The directory must contain the __init__.py
file, otherwise
it is not considered a plugin!
The core code of the plugin can be written in other modules of the package,
then returned in __init__.py using the register
function, and
this file contains the metadata required to register the plugin.
In __init__.py, you can write your plugin code all in. Of course, the recommended way is to create a module with another name under the plugin package. Write your functions, class, variable, and so on, then import the module in __init__.py and use register to return the extension point.
The project structure of a complete plugin web application is probably like this:
your_project/
├── app.py
├── config.py
├── libs
│ └── __init__.py
├── LICENSE
├── plugins
│ ├── __init__.py
│ └── local_plugin_demo # A local plugin
│ ├── _core.py
│ ├── __init__.py
│ ├── license.txt
│ ├── readme.txt
│ ├── static
│ │ └── demo.css
│ ├── template
│ │ └── demo
│ │ └── demo.html
│ └── _util.py
├── README.md
├── requirements.txt
├── utils
│ └── __init__.py
└── views
└── __init__.py
metadata¶
Below are all supported metadata configuration items, please note that the first three are required:
__plugin_name__
Your plugin name is not strictly required to be consistent with the plugin directory name.
__author__
Plugin Author
__version__
Plugin Version, compliance with Semantic Version 2.0 Rules.
__description__
What is the use of plugin description information.
__url__
Plugin Homepage
__license__
Plugin LICENSE
__license_file__
The plugin LICENSE detail file. Your plugin directory should have a LICENSE file.
__readme_file__
The plugin profile should have a README description file in your plugin directory.
__state__
The plugin Status, enabled (default) or disabled.
register¶
This function is also required, it should be defined or imported in __init__.py. Flask-PluginKit will call this function when loading, return data is dict, contains various types of extension points, such as:
def register():
return dict(
bep=dict(),
hep=dict(),
tep=dict(),
errhandler=dict(),
filter=dict(),
tcp=dict(),
)
For the extension points returned, please see the following sections.
Enabling and Disabling Plugins¶
This extension, uses a different approach for handling plugins.
Anyway, local plugins (a subdirectory located in the application, such as plugins, is a package) or third-party plugins (which can be pypi or from git, svn, etc.), should be installed in the local environment.
Plugins are enabled by default, and there are two ways to enable or disable a plugin.
The first method is to set the metadata __state__
value to enabled
or disabled.
The second method is to add the ENABLED
or DISABLED
file in the
plugin’s root directory, without changing the source code.
This can either be done by hand or with the method provided
by disable_plugin()
or
enable_plugin()
.
Note
The second method has a higher priority than the first one, and the DISABLED file has a higher priority than the ENABLED file.
The directory structure of a disabled plugin is shown below.
my_plugin
|-- DISABLED # Just add a empty file named "DISABLED"
|-- __init__.py
Warning
The server needs to be restarted or reloaded to disable the plugin.

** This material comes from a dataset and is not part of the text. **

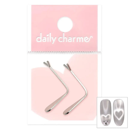 De Daily Charme Cat Eye Beating Heart Metal Clip Set is dé tool die je nodig hebt voor die iconische, virale beating heart nail look! Deze handige Y-vormige metalen clips helpen je om super strakke en symmetrische hartvormen te creëren in cat eye gel polish, en dat zonder gepruts met paperclips. Combineer met een cilindermagneet voor het beste resultaat en laat je nail art hartjes kloppen van geluk!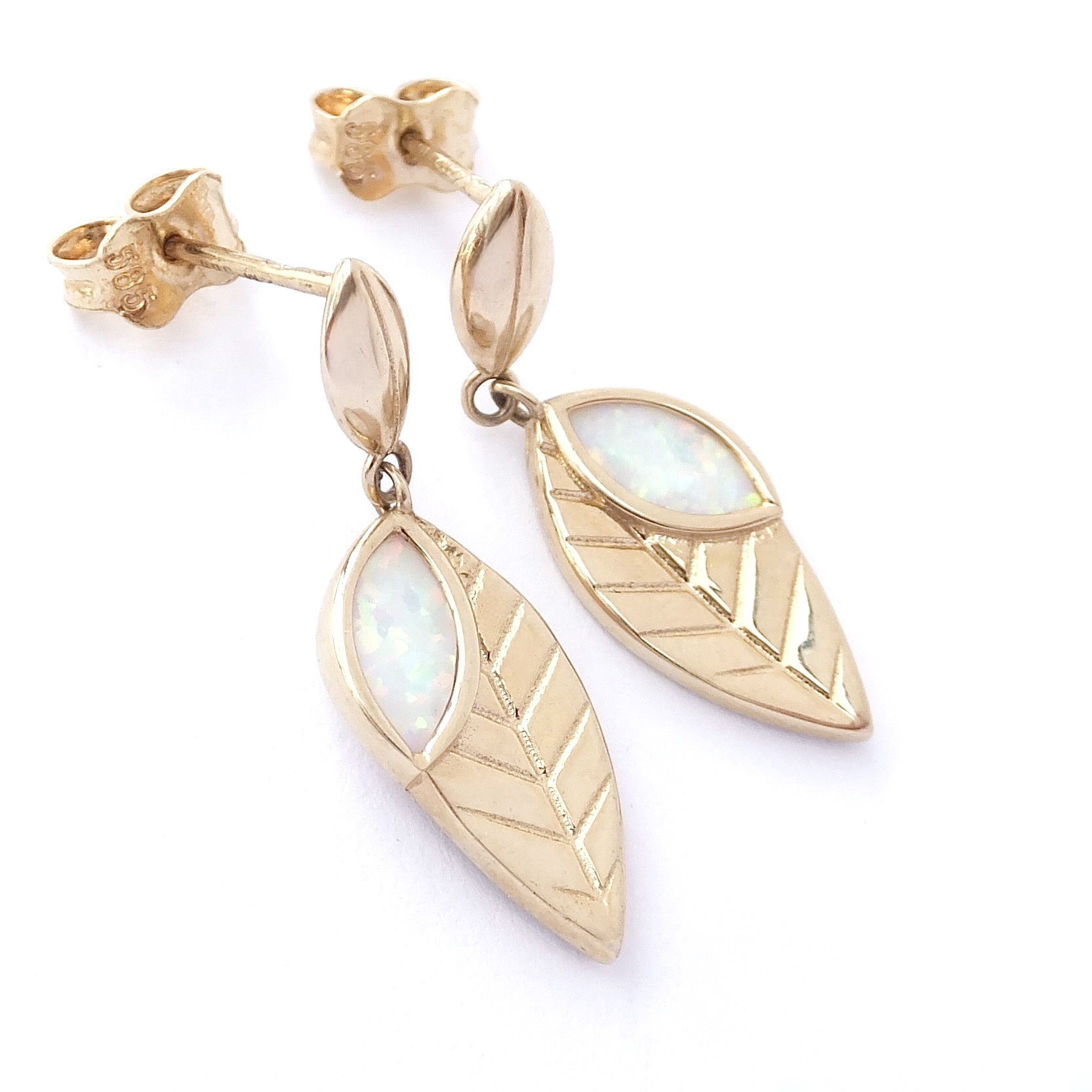 Elegantní zlaté visací náušnice se syntetickým opálem. Pohodlné zapínání na puzetu. Možnost koupě stejného náhrdelníku, který naleznete pod číslem K894.

This is a limitation of Flask. However, it is possible, to restart the application by sending a HUP signal to the application server.
The following code snippets, are showing how this can be done with
the WSGI server gunicorn. Gunicorn has be to started in
daemon (--daemon
) mode in order for this to work.
You can use the command to manually reload:
$ kill -HUP Your_APP_Gunicorn_master_pid
or direct restart (kill, then start).
In web applications, according to previous tests, it should
use os.getppid()
instead of os.getpid()
to get the master pid of gunicorn, and send SIGHUP signal to master pid.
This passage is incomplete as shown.